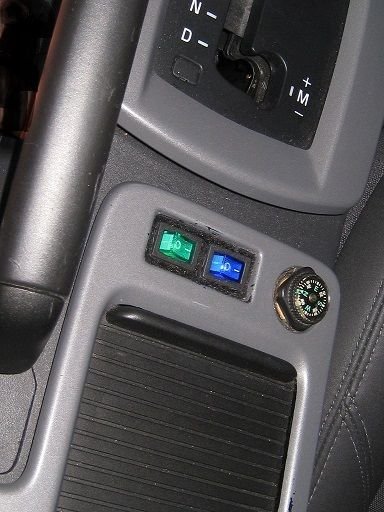 Got your console dismantled? So you might want to consider doing what I did to transform that outdated "toll road coin tray" into something more useful. I used simple rocker switches that light up when switched on (found on ebay). After you cut-out the "tray" in the console...You will need to fashion a flange to seat the switches into the console. I used a piece of black sturdy 1/8" inch plastic that I carefully measured and cut with an Xacto knife so it would just "pop-in" and still remain totally removable. I wired the green switch (finding power from under the console with any "hot" red wire) and a ground to the green switch, to be a simple reminder to me that when switched to the on position, I'm using my "daytime" park lights (which is the 2nd position on the light switch) instead of just burning up my "Factory Swedish daytime driving lights (lightswitch left in the usual off position). Since I live in Southern California I do not need daytime driving lights. So I simply switch my dash light switch to the park light position during day...BUT...I needed a reminder to shut off the main light switch when I parked the car (or it's AAA time, or whoever, to jump a dead battery). and that would be a very bad day...and we don't want that. The other (blue switch) is for aftermarket fog lamps that I added up front (my car came without the factory fog lamp option). The switch tells me that my fog lamps are still lit when I shut off the key. And my "alt power plug" that you see on the 12V factory console receptacle next to the switches is just another of my "usefull adaptations" to the console. It's totally removable to use the receptacle ...I just stuck a small compass into it (instead of the plain black factory cap) so when not in use, it too would have some type of an useful function...other than just a weird black plastic cap-on-the-console.
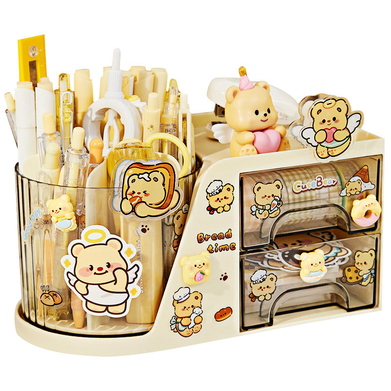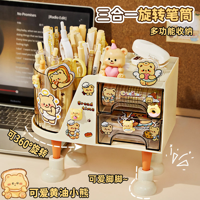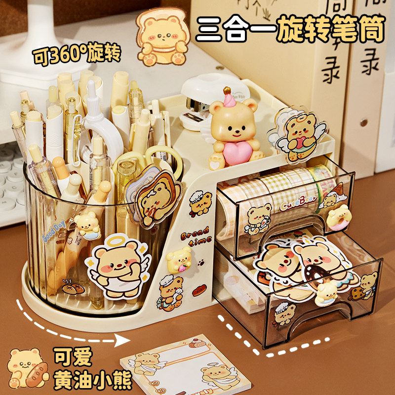奶油小熊!笔筒收纳盒女孩儿童大容量书桌笔盒女生抽屉式旋转小学生桌面高颜值ins风文具置物架女童可爱创意
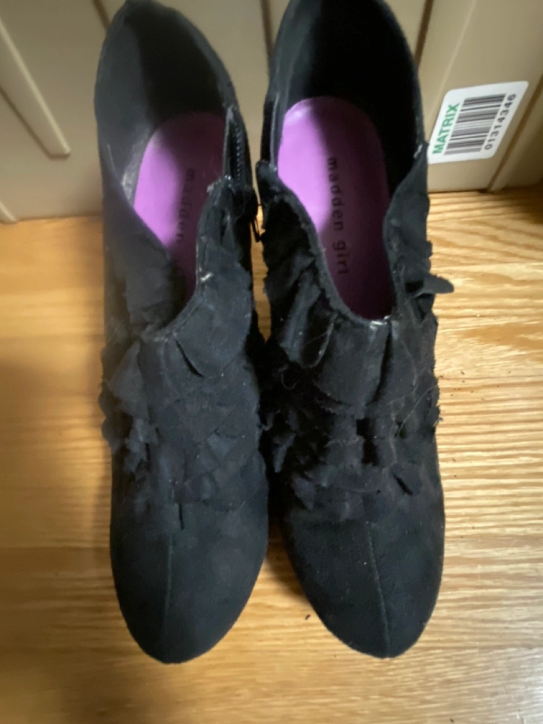 Black suede ankle boots with ruffles. Zip closure on the side. High heel.
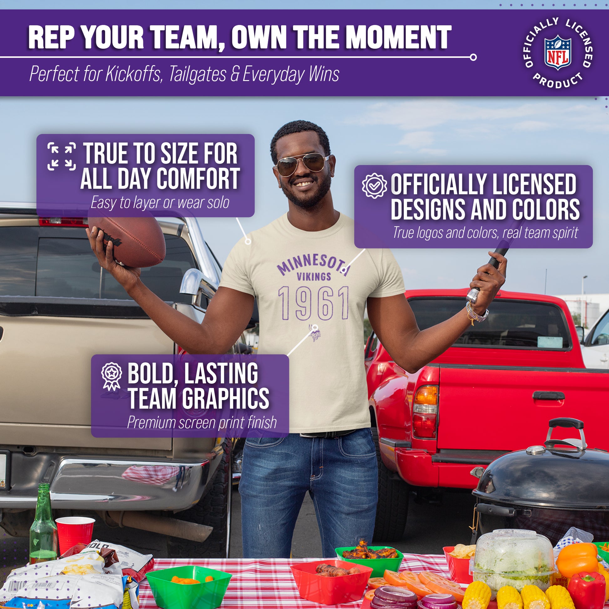 Minnesota Vikings NFL Adult Big Date Tag-Less T-Shirt - Natural

EXERCISE BRIEF
This task asks for the data above repeated exactly, without a single picture.

ANSWER TO THE PROBLEM
 Got your console dismantled? So you might want to consider doing what I did to transform that outdated "toll road coin tray" into something more useful. I used simple rocker switches that light up when switched on (found on ebay). After you cut-out the "tray" in the console...You will need to fashion a flange to seat the switches into the console. I used a piece of black sturdy 1/8" inch plastic that I carefully measured and cut with an Xacto knife so it would just "pop-in" and still remain totally removable. I wired the green switch (finding power from under the console with any "hot" red wire) and a ground to the green switch, to be a simple reminder to me that when switched to the on position, I'm using my "daytime" park lights (which is the 2nd position on the light switch) instead of just burning up my "Factory Swedish daytime driving lights (lightswitch left in the usual off position). Since I live in Southern California I do not need daytime driving lights. So I simply switch my dash light switch to the park light position during day...BUT...I needed a reminder to shut off the main light switch when I parked the car (or it's AAA time, or whoever, to jump a dead battery). and that would be a very bad day...and we don't want that. The other (blue switch) is for aftermarket fog lamps that I added up front (my car came without the factory fog lamp option). The switch tells me that my fog lamps are still lit when I shut off the key. And my "alt power plug" that you see on the 12V factory console receptacle next to the switches is just another of my "usefull adaptations" to the console. It's totally removable to use the receptacle ...I just stuck a small compass into it (instead of the plain black factory cap) so when not in use, it too would have some type of an useful function...other than just a weird black plastic cap-on-the-console.
奶油小熊!笔筒收纳盒女孩儿童大容量书桌笔盒女生抽屉式旋转小学生桌面高颜值ins风文具置物架女童可爱创意
 Black suede ankle boots with ruffles. Zip closure on the side. High heel.
 Minnesota Vikings NFL Adult Big Date Tag-Less T-Shirt - Natural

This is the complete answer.